Data for processing:
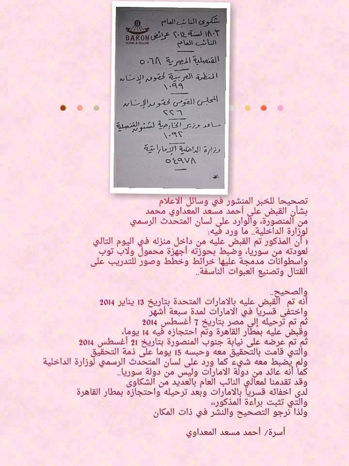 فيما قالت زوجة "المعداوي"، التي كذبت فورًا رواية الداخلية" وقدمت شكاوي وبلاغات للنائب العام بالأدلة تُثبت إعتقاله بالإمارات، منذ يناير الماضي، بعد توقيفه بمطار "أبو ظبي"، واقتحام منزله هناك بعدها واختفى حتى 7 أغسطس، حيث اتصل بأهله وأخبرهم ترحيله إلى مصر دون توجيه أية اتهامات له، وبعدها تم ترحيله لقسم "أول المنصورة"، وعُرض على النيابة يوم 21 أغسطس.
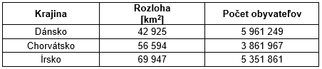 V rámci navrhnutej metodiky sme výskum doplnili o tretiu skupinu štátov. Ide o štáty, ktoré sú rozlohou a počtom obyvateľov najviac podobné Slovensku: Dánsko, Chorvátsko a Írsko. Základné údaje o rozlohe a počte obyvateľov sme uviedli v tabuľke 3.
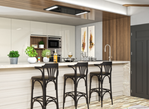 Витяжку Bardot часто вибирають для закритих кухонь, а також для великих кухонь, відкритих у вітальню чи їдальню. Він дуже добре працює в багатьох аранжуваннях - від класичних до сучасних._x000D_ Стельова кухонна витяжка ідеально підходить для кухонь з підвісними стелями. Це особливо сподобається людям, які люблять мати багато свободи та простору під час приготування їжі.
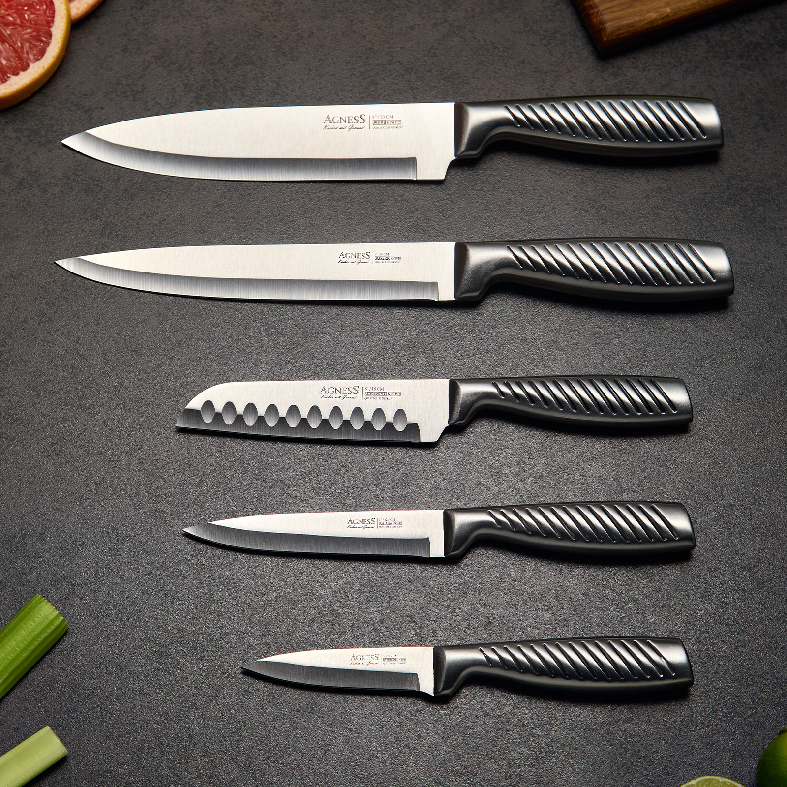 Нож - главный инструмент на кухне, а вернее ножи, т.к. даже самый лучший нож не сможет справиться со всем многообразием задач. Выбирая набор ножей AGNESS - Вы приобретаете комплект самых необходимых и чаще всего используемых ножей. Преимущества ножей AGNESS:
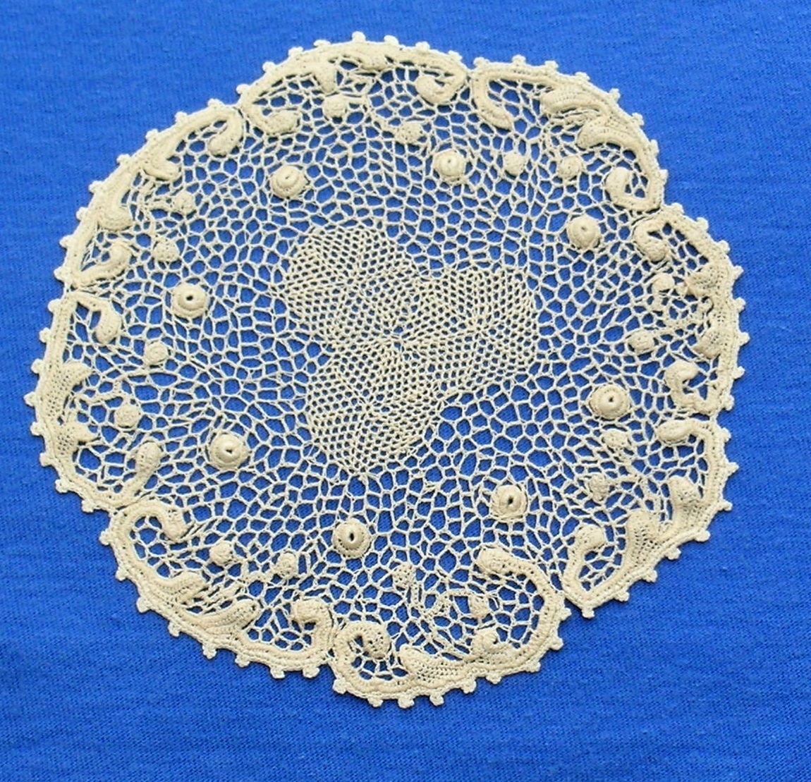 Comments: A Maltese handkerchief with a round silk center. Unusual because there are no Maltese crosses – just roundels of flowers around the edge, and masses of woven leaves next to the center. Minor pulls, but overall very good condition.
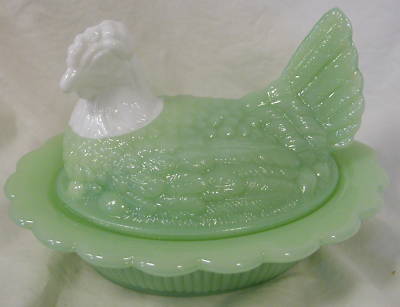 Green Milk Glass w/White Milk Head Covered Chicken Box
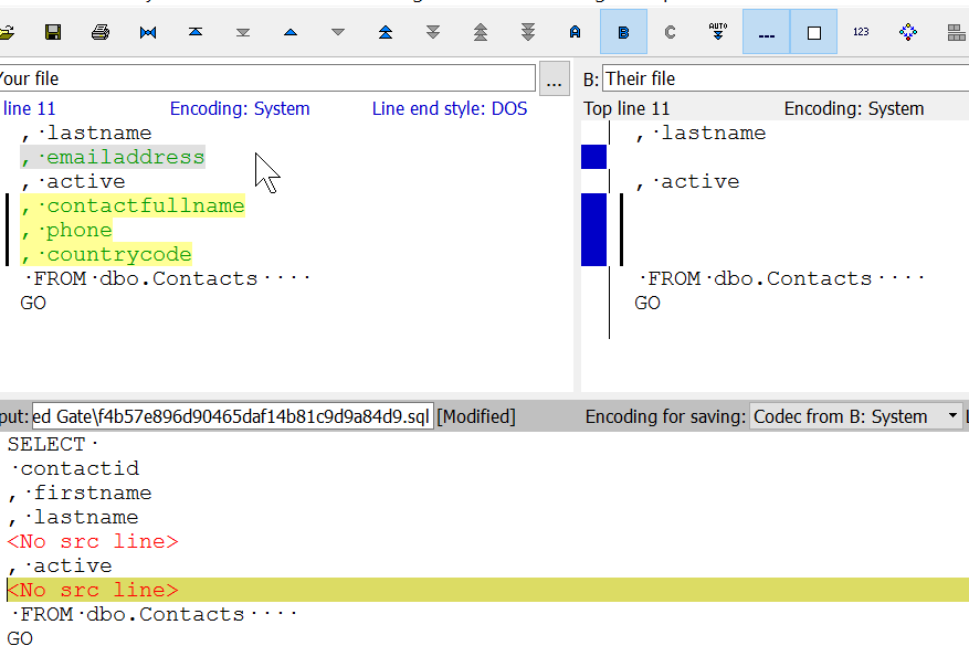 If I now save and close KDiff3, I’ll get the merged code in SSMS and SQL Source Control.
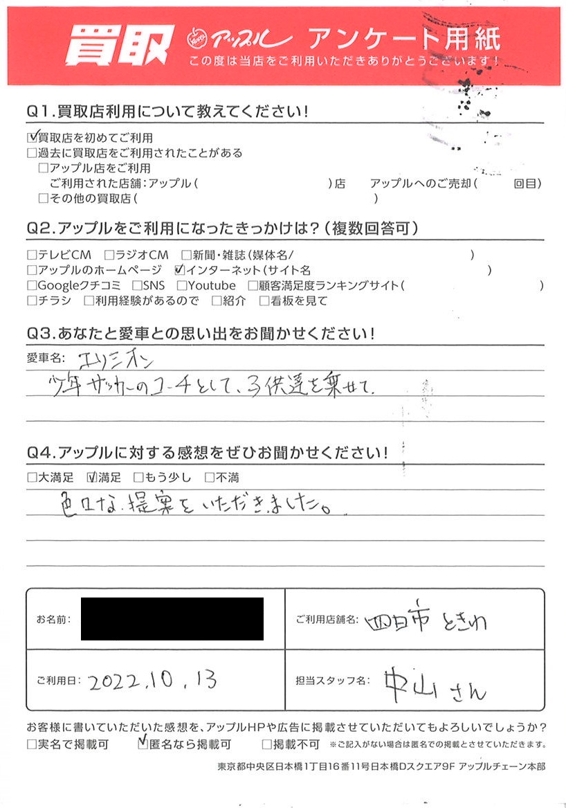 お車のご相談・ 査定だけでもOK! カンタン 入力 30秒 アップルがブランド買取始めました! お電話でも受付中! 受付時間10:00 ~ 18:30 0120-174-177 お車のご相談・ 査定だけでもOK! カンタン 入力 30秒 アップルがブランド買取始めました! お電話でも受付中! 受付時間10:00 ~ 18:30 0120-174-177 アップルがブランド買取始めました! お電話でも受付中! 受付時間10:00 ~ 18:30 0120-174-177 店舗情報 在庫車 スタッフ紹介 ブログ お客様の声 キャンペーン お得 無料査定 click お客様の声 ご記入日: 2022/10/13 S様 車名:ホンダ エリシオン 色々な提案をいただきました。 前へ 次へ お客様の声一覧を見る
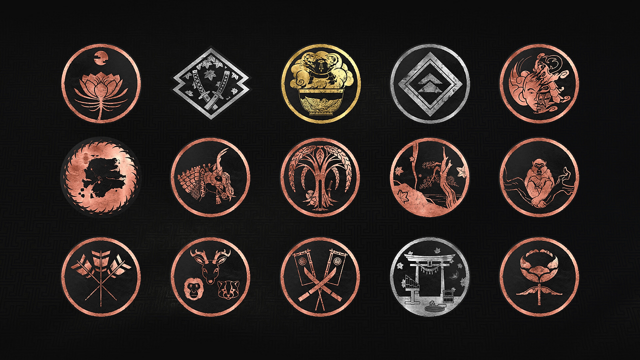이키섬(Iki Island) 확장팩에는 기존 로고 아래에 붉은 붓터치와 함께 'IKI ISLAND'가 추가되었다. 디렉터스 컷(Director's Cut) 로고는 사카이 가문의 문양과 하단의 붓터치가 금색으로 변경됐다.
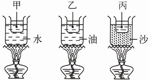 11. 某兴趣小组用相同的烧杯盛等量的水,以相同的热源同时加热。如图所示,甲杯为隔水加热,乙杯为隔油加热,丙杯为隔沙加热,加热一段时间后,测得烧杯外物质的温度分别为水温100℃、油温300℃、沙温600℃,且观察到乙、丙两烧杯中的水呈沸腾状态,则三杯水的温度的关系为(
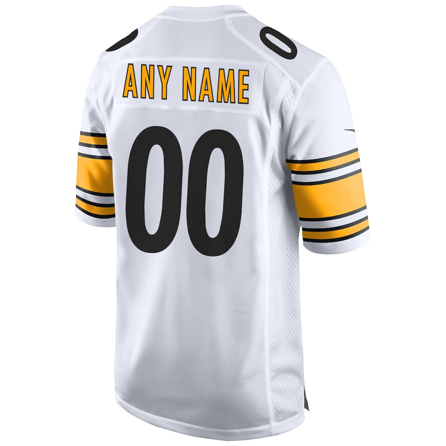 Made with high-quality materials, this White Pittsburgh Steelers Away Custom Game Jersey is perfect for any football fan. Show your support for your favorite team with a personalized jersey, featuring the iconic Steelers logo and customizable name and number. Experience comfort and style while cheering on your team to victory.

Task objective: Write the entries above out again exactly, omitting each image.

Output for this exercise:
 فيما قالت زوجة "المعداوي"، التي كذبت فورًا رواية الداخلية" وقدمت شكاوي وبلاغات للنائب العام بالأدلة تُثبت إعتقاله بالإمارات، منذ يناير الماضي، بعد توقيفه بمطار "أبو ظبي"، واقتحام منزله هناك بعدها واختفى حتى 7 أغسطس، حيث اتصل بأهله وأخبرهم ترحيله إلى مصر دون توجيه أية اتهامات له، وبعدها تم ترحيله لقسم "أول المنصورة"، وعُرض على النيابة يوم 21 أغسطس.
 V rámci navrhnutej metodiky sme výskum doplnili o tretiu skupinu štátov. Ide o štáty, ktoré sú rozlohou a počtom obyvateľov najviac podobné Slovensku: Dánsko, Chorvátsko a Írsko. Základné údaje o rozlohe a počte obyvateľov sme uviedli v tabuľke 3.
 Витяжку Bardot часто вибирають для закритих кухонь, а також для великих кухонь, відкритих у вітальню чи їдальню. Він дуже добре працює в багатьох аранжуваннях - від класичних до сучасних._x000D_ Стельова кухонна витяжка ідеально підходить для кухонь з підвісними стелями. Це особливо сподобається людям, які люблять мати багато свободи та простору під час приготування їжі.
 Нож - главный инструмент на кухне, а вернее ножи, т.к. даже самый лучший нож не сможет справиться со всем многообразием задач. Выбирая набор ножей AGNESS - Вы приобретаете комплект самых необходимых и чаще всего используемых ножей. Преимущества ножей AGNESS:
 Comments: A Maltese handkerchief with a round silk center. Unusual because there are no Maltese crosses – just roundels of flowers around the edge, and masses of woven leaves next to the center. Minor pulls, but overall very good condition.
 Green Milk Glass w/White Milk Head Covered Chicken Box
 If I now save and close KDiff3, I’ll get the merged code in SSMS and SQL Source Control.
 お車のご相談・ 査定だけでもOK! カンタン 入力 30秒 アップルがブランド買取始めました! お電話でも受付中! 受付時間10:00 ~ 18:30 0120-174-177 お車のご相談・ 査定だけでもOK! カンタン 入力 30秒 アップルがブランド買取始めました! お電話でも受付中! 受付時間10:00 ~ 18:30 0120-174-177 アップルがブランド買取始めました! お電話でも受付中! 受付時間10:00 ~ 18:30 0120-174-177 店舗情報 在庫車 スタッフ紹介 ブログ お客様の声 キャンペーン お得 無料査定 click お客様の声 ご記入日: 2022/10/13 S様 車名:ホンダ エリシオン 色々な提案をいただきました。 前へ 次へ お客様の声一覧を見る
이키섬(Iki Island) 확장팩에는 기존 로고 아래에 붉은 붓터치와 함께 'IKI ISLAND'가 추가되었다. 디렉터스 컷(Director's Cut) 로고는 사카이 가문의 문양과 하단의 붓터치가 금색으로 변경됐다.
 11. 某兴趣小组用相同的烧杯盛等量的水,以相同的热源同时加热。如图所示,甲杯为隔水加热,乙杯为隔油加热,丙杯为隔沙加热,加热一段时间后,测得烧杯外物质的温度分别为水温100℃、油温300℃、沙温600℃,且观察到乙、丙两烧杯中的水呈沸腾状态,则三杯水的温度的关系为(
 Made with high-quality materials, this White Pittsburgh Steelers Away Custom Game Jersey is perfect for any football fan. Show your support for your favorite team with a personalized jersey, featuring the iconic Steelers logo and customizable name and number. Experience comfort and style while cheering on your team to victory.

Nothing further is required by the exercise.